Algunos se han arriesgado a intentarlo. Desde Cook hasta
Akab, desde el viejo Magallanes hasta el eterno y joven holandés. Pero los
hombres no entienden la psicología de los mares.
Aquellos que forjaron el mundo con sus huesos lo supieron en
cuanto vieron el ir y venir de sus mareas; lo aceptaron en cuanto percibieron
el inefable fluir de sus corrientes, lo temieron en cuanto sintieron el furioso
estallar de sus rompientes.
Lo supieron y quisieron remediarlo. Los que crean siempre
creen que tienen el derecho de poder corregir sus creaciones.
Y le pusieron un dios fuerte y terrible para poder domarlo.

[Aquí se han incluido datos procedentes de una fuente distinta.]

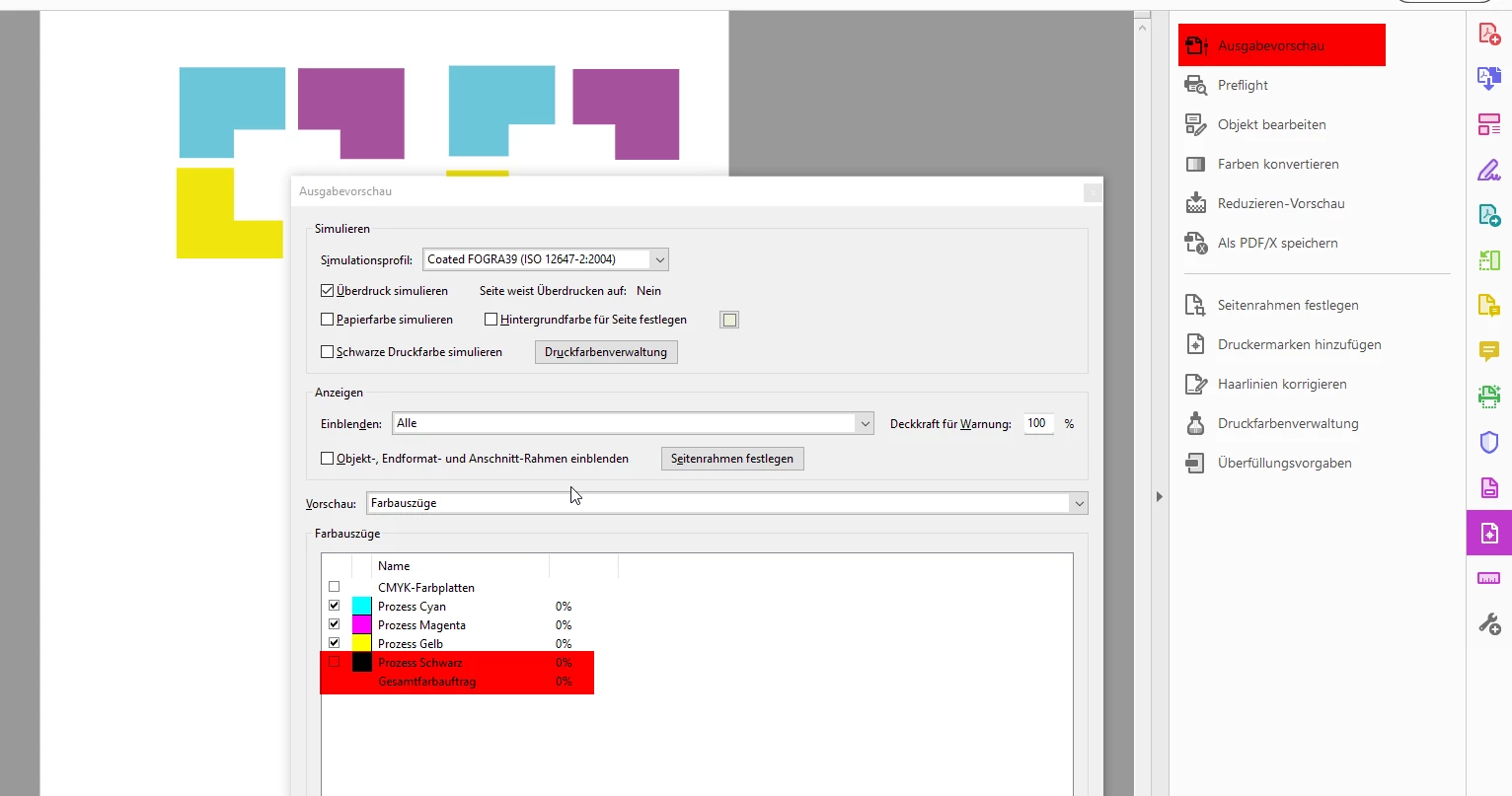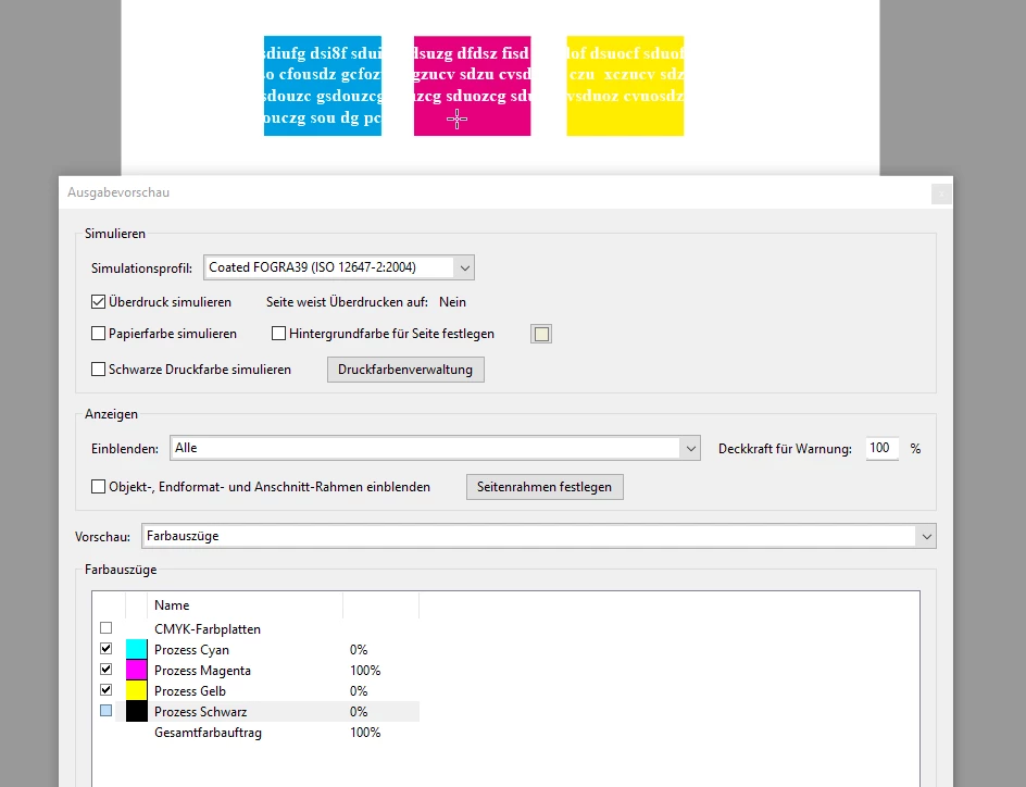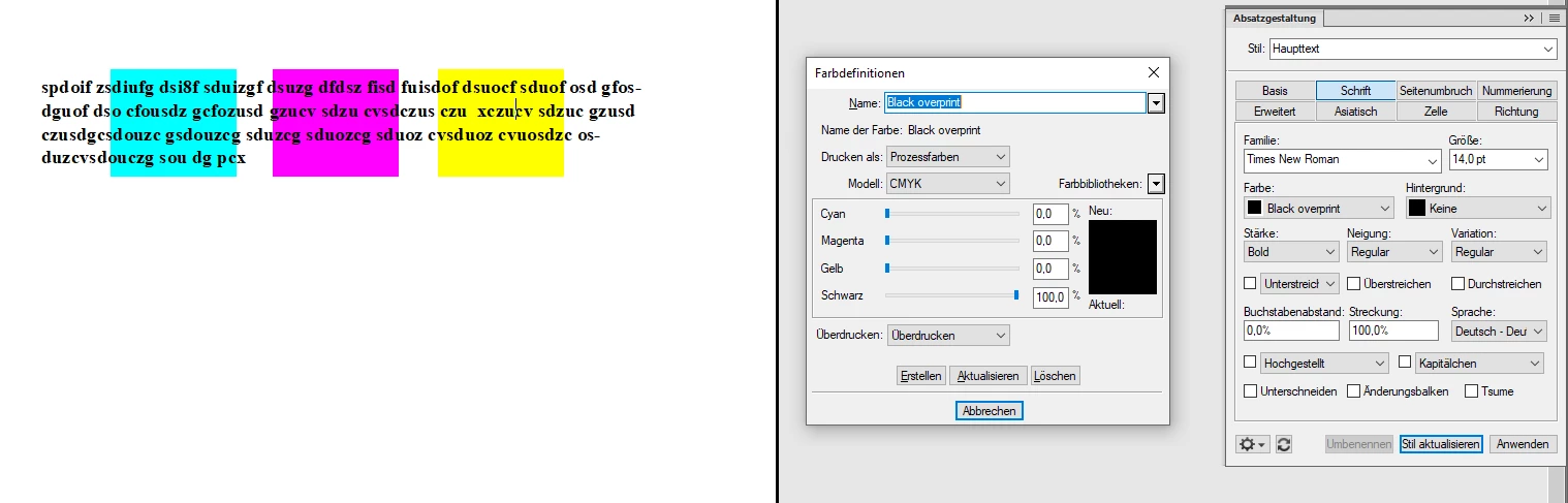 I use warnings in which black text runs over colored backrounds. I've tried everything, but couldn't manage, that the text is not knocked out. What me also wonders: When creating a new, blank document, the standard black color is set to knockout ("Aussparen" in the German version). This is fundamentally wrong - you would never set black to knockout. This color is mainly used for text - and you would never want text to be knocked out (except in some rare cases where you want a maximum deep black).
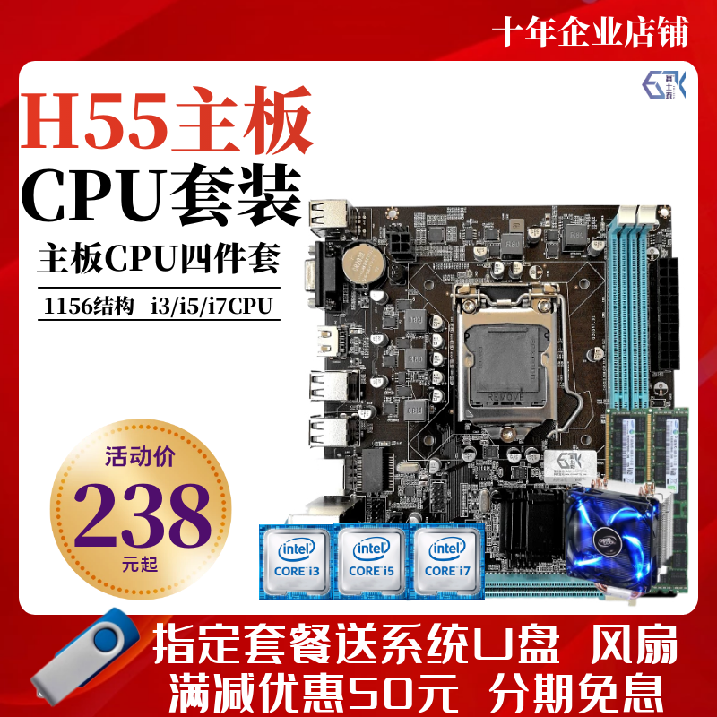 Fujitec's new H55 desktop computer motherboard CPU set 1156-pin Core i5 i7 860 four-piece set

Y ese dios se agotó en sus intentos que poblaron de monstruos las aguas. Le
colocaron una diosa cadenciosa y mortecina que lo tranquilizara con mimos y
susurros. Y esa diosa se durmió para siempre en sus arrullos y dejó al mar a
sus vientos y a su suerte.
Así que, fracasados sus intentos, lo olvidaron y pusieron la
tierra entre hombres y mares. Los dioses siempre olvidan lo que crean. Los
dioses siempre olvidan sus fracasos.
Y luego llego alguien de quien no queda constancia ni
recuerdo y se atrevió a enmendarles la plana a las deidades que ya estaban
matándose entre ellos.
Con miedo, con rabia, con vergüenza y con sorpresa miro
hacia ese mar al que no comprendía y construyó los faros. Y sin saber porque
lo hizo llorando. Él, que no lloró al nacer, lo hizo llorando.
Y el primer faro surgido de la piedra callada de la tierra y
las saladas lágrimas del hombre fijo su luminosa vista en esos mares cuya psicología no entendía y les habló.
Y los mares, asustados de que alguien entendiera o quisiera
entender su lenguaje, se apartaron, se encerraron en la basta inmensidad de sus
aguas, se retrayeron a la segura lejanía de sus inalcanzables horizontes.
Y una sima profunda surgió entre el faro y el mar.
Y así siguieron y siguen hoy las cosas desde entonces entre
el mar y el primer faro que construyeron los hombres para intentar comprender
su húmeda, cambiante e inmensa mente.
Hay un hombre en un lugar en el que no debería haber nadie.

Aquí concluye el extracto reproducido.